The Lefty solves a lot of these issues. The needle bearings take the external loads, freeing up the seals and suspension components to do what they are designed to do. You also only deal with the deflection twisting of one member, rather than trying to make both legs act the same. But like all solutions, it tends to make other problems.

Lefty’s are great forks. But so are a lot of 2 leg forks. They all have pros and cons.

craigsj
craigsj
10 years ago

Indeed, Lefty’s are great and I love mine. As you go into higher travel their appeal diminishes though. The Supermax doesn’t have the big weight advantage that Lefty’s have had in the past plus axle-2-crown dimensions are what they are. Adjustable travel is something they don’t have. It will be interesting to watch the future unfold since conventional forks keep getting better.

No, my criticism is this (deleted)

gringo
gringo
10 years ago

Children, children…. Please get back on topic and listen to TIMOTHY.

Sir, if you are in Friedrichshafen this week I’d buy you a beer for that comment.

sean
sean
10 years ago

I’m surprised that no one has commented on the fact that they have now increased cost of the BB while making it worse in my opinion. Now not only do you have to purchase a BB if your running shimano but the adapter as well. This same adapter also now leads to more chance that youll develop a creak as there is now another metal to metal contact point. I used their adapters when I ran gxp and still had creaking issues after about 2 weeks of use, and had to constantly remove the crank to adjust and clean them which ruined the extractor bolt in short manner. Now Im not saying they are bad as its honestly the best BB Ive ever had once I went adapterless with shimano and that goes for all of the other chris king parts I use which includes their hubs and headsets.

zaph
zaph
10 years ago

for those interested, after emailing CK the lefty hubs have been postponed until December. And if i am to interpret the email correctly, an upgrade kit is planed for older ISO LD hubs, though a release date was unknown.
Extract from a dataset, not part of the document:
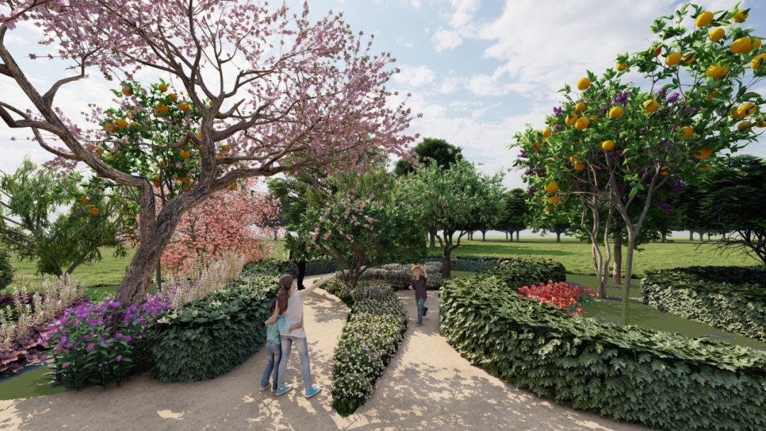 Each area is surrounded by bushes of different plants and dimension and the trees selected are both deciduous and evergreen with several type of fruits trees to create a widespread orchard.

Cant wait to finally have a silver hub from king to complement my lefty speed carbon.

J
J
9 years ago

I’m a little confused about the new bottom bracket. Is there any difference between the old and new version other than now always having to buy a conversion kit? For example isn’t the new threadfit version with a #10 conversion kit exactly the same as what you got before with the old threaded mountain version?

Tim
Tim
1 year ago

Anyone have one of these conversation kits that they want to sell?